AVAILABLE DATA.
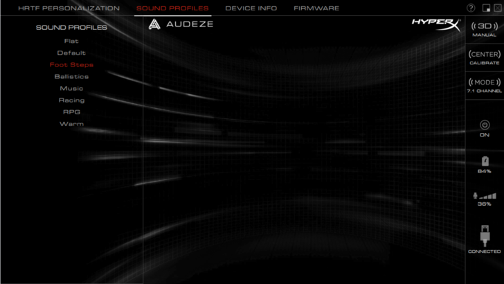 在 Sound profile 這個面板,則可以調整模式,例如腳步聲模式、賽車模式、音樂模式等。而右邊的面板則是顯示耳機的狀態,3D 可以調整為 AUTO / On / Off / Manual;Mode 可以調整為雙聲道 / 7.1 聲道 / Hi-Res。
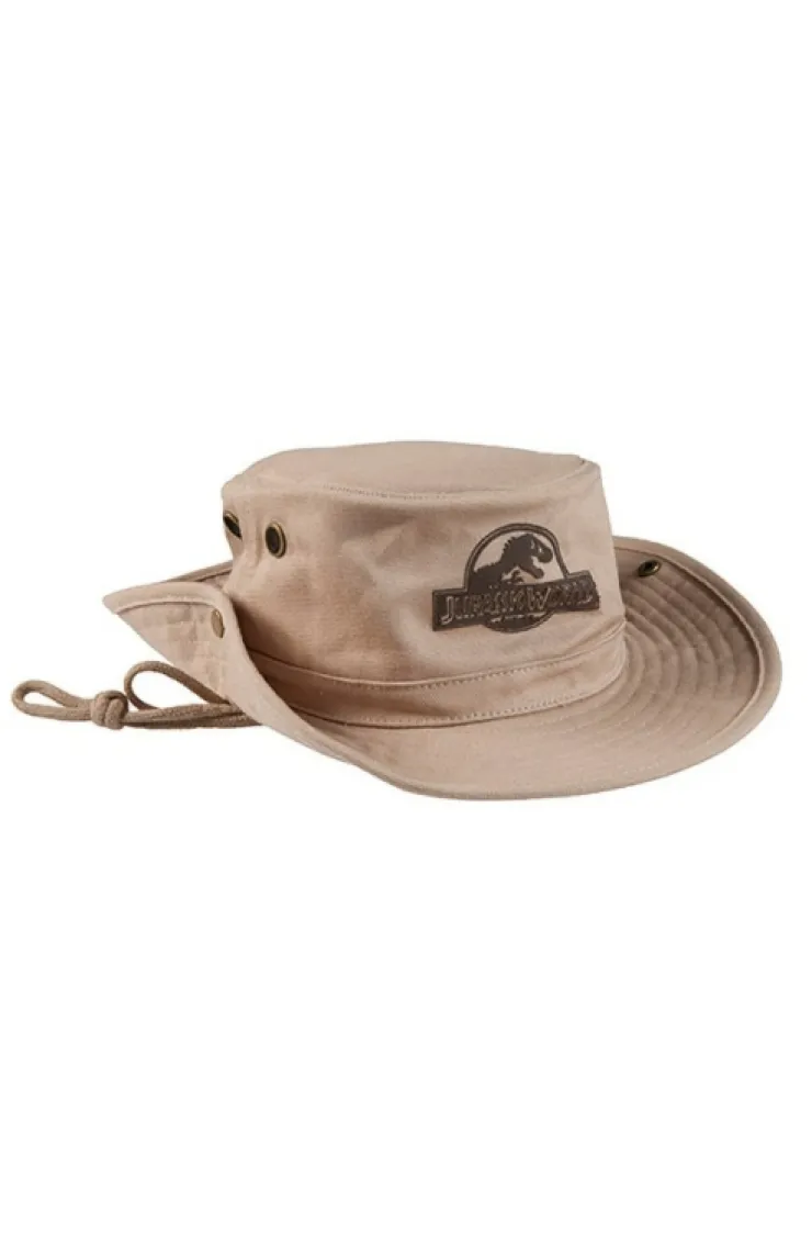 The Jurassic World logo outlined in brown tops this handsome canvas safari hat fashioned for exploration and dino expeditions.
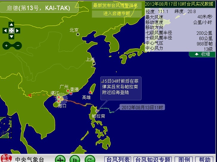 最新消息:今天上午 9 时,台风 “ 启德 ” 中心位于北纬 20 点 7 度,东经 111 点 2 度, 也就是在湛江市东南方约 100 公里 的海面上 ,中心附近最大风力 12 级,达到 35 米每秒的风速,中心最低气压 970 百帕,八级大风范围半径约 220 公里。
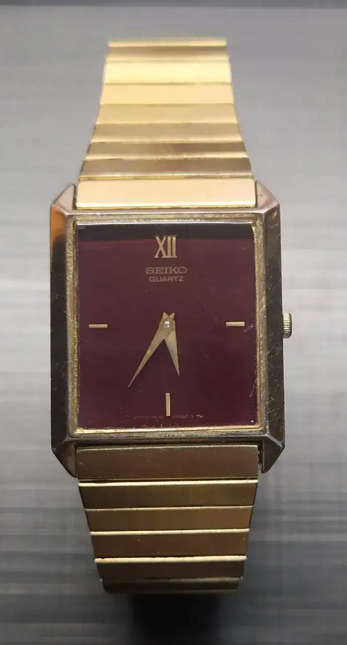 Empiezo con un cuarzo de Seiko, dorado y esfera color vino. Me gusta porque es súper finito y apenas se nota que lo llevo. Su forma rectangular me recuerda al tank de Cartier.

INSTRUCTIONS TO FOLLOW. Only text belongs in the copy: repeat each line of the data exactly and leave out the pictures.

SOLUTION.
 在 Sound profile 這個面板,則可以調整模式,例如腳步聲模式、賽車模式、音樂模式等。而右邊的面板則是顯示耳機的狀態,3D 可以調整為 AUTO / On / Off / Manual;Mode 可以調整為雙聲道 / 7.1 聲道 / Hi-Res。
 The Jurassic World logo outlined in brown tops this handsome canvas safari hat fashioned for exploration and dino expeditions.
 最新消息:今天上午 9 时,台风 “ 启德 ” 中心位于北纬 20 点 7 度,东经 111 点 2 度, 也就是在湛江市东南方约 100 公里 的海面上 ,中心附近最大风力 12 级,达到 35 米每秒的风速,中心最低气压 970 百帕,八级大风范围半径约 220 公里。
 Empiezo con un cuarzo de Seiko, dorado y esfera color vino. Me gusta porque es súper finito y apenas se nota que lo llevo. Su forma rectangular me recuerda al tank de Cartier.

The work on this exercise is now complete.